One of the most compelling ways to increase job growth in this country is to breakdown the barriers of access to capital. With banks not lending, many would-be entrepreneurs have to rely on friends and family, and many can't scrape enough funding to get their idea off the ground. With that said, there's a lot of cash on the sidelines and many investors have grown tired of anemic financial markets, and would love the opportunity to buy a piece of someone's start-up.
Just last week, HR 2930 passed in the House by 407-17, and the bill is supported by the white house. Still, the WSJ published in article today on the naysayers, claiming that investors run the risk of falling prey to scams. Certainly analyst coverage and registration with the SEC provides a false sense of comfort.

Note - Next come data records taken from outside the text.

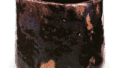 山轍壺を小さくしたような形の茶入で。景色の鮮やかな優作であります。低く立ち上がった口部は僅かに端反りになり、肩はきっかり、と衝き、胴裾で広く面を収って、まるい高台は糸底:二なっている、腰に段をつけているのが作振りをおもしろくしている丿茶褐色の釉が裾まで薄くかかり、肩から胴の一方:こかけて赤みをおびた朽葉色の灰釉が鮮やかにかかり、腰から底にかけて紫褐色の土膚を見せていますが、その膚合いは「生埜」とよく似てきめが細かい。内部は無釉で轆轤目が細かくめぐり、かすかに灰が降っています。
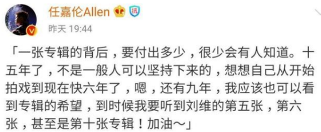 此外,在众多艺人中,任嘉伦的宣传也是非常吸睛。别人都是较为简短的恭贺,而偏偏只有他,写了像是小作文一样的评论。不过从任嘉伦的话语中,我们也确实感受到了他对刘维这些年努力的肯定,以及对他如今成绩的祝福。任嘉伦还表示自己希望看到刘维之后更多的专辑,言辞中流露的兄弟情也让一众网友颇为感动。
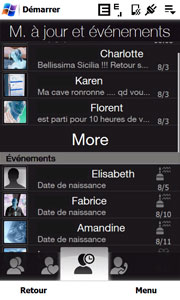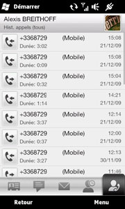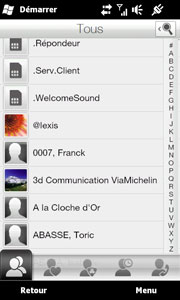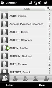 Le HD2 propose une gestion assez évoluée des contacts. Le répertoire propose la liste des contacts ainsi que les entrées de la carte SIM. Si on a un appel manqué, des SMS ou des Emails non lus pour l'un des contacts, une petite icône s'affiche avec le type de notification (appel, SMS ou Email) à côté de son nom :
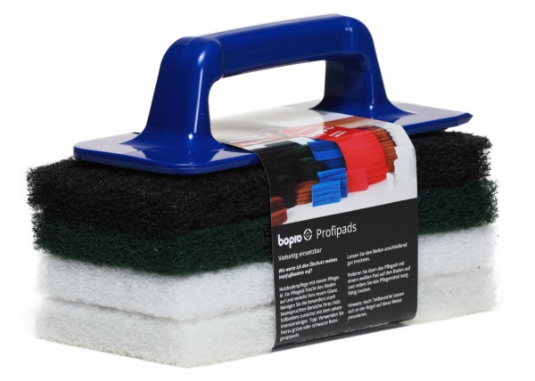 Unser praktisches Basisset von bopro mit den großen 25 cm Superpads ist ideal für die umfassende Bearbeitung von Holzflächen: ob es sich um schwer zugängliche Partien eines Holzbodens, kleinere Bodenflächen oder große Möbel handelt - die handlichen Superpads sorgen für optimale Ergebnisse.
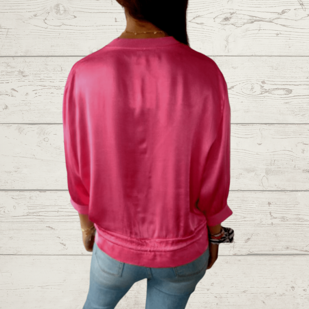 Chaqueta Italiana de raso, con cierre, amarra en la cintura, color fucsia
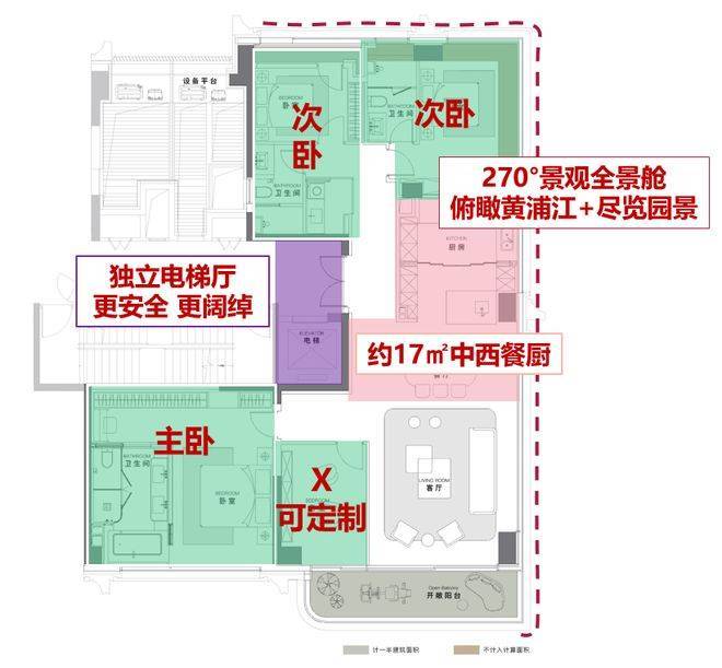 定制化:三卧室+X空间设计,主卧套房堪称家中的“小家”,临窗独立浴缸可尽享江景;
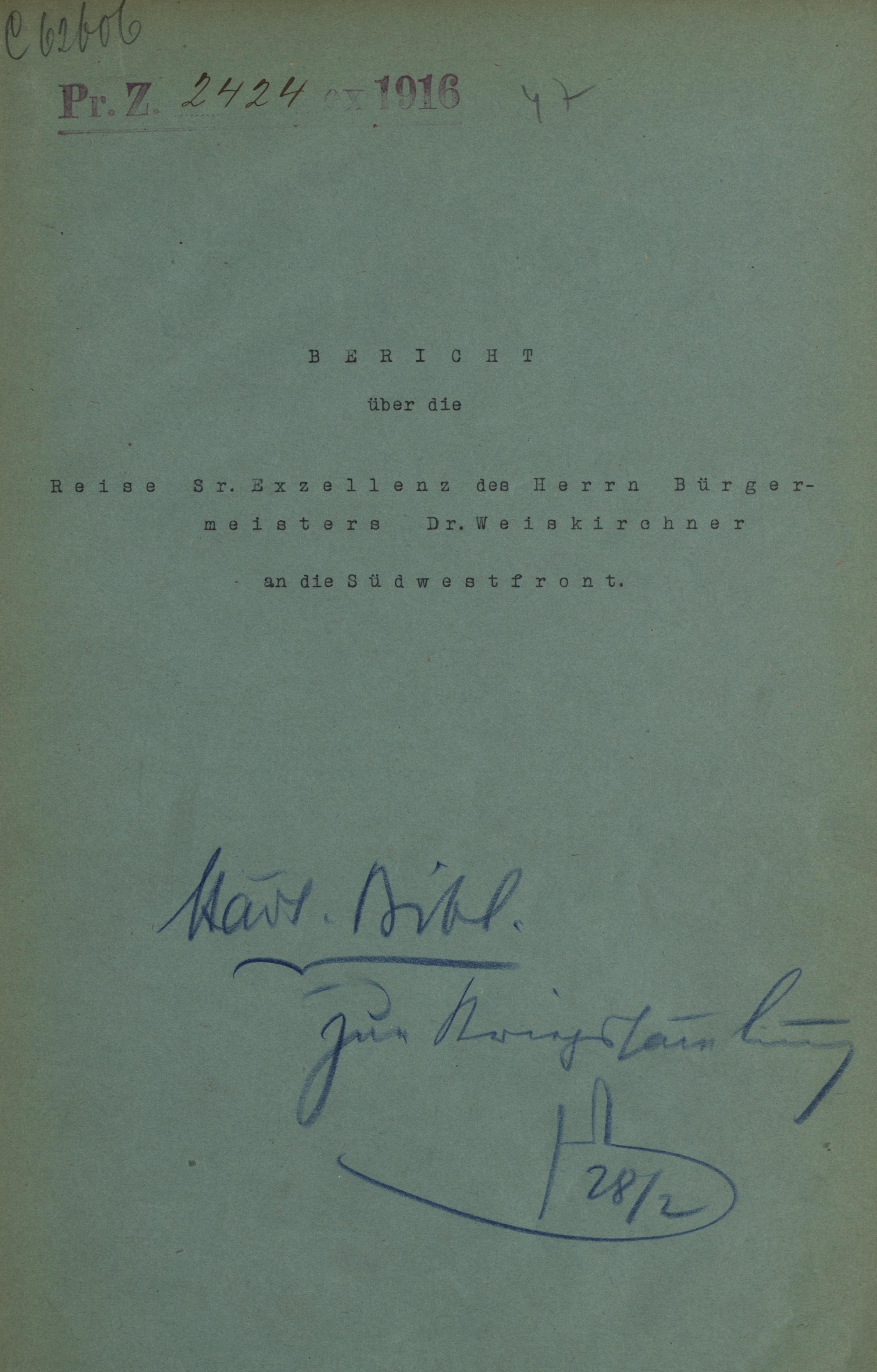 Bericht über die Reise Sr. Exzellenz des Herrn Bürgermeisters Weiskirchner an die Südwestfront : [23. Jänner bis 1. Februar 1916] / [von Josef Formanek]

Just ask anyone who owned shares in WorldCom, Tyco, and Enron.
Of course vetting fund raisers properly will be an important part of the process, and there are ways to leverage social networking platforms and the Wisdom of the Crowd to make educated investment decisions, not to mention third-party audited financial statements. Capping the amount that a single investor can contribute will also mitigate risk.
With an official jobless rate hovering over 9% (and an under-employed rate much higher), we need to consider innovative ways to jump-start our economy. Crowd funding has already proven its magic with art projects through Kickstarter. Now it's time to spread the model to the broader part of our economy.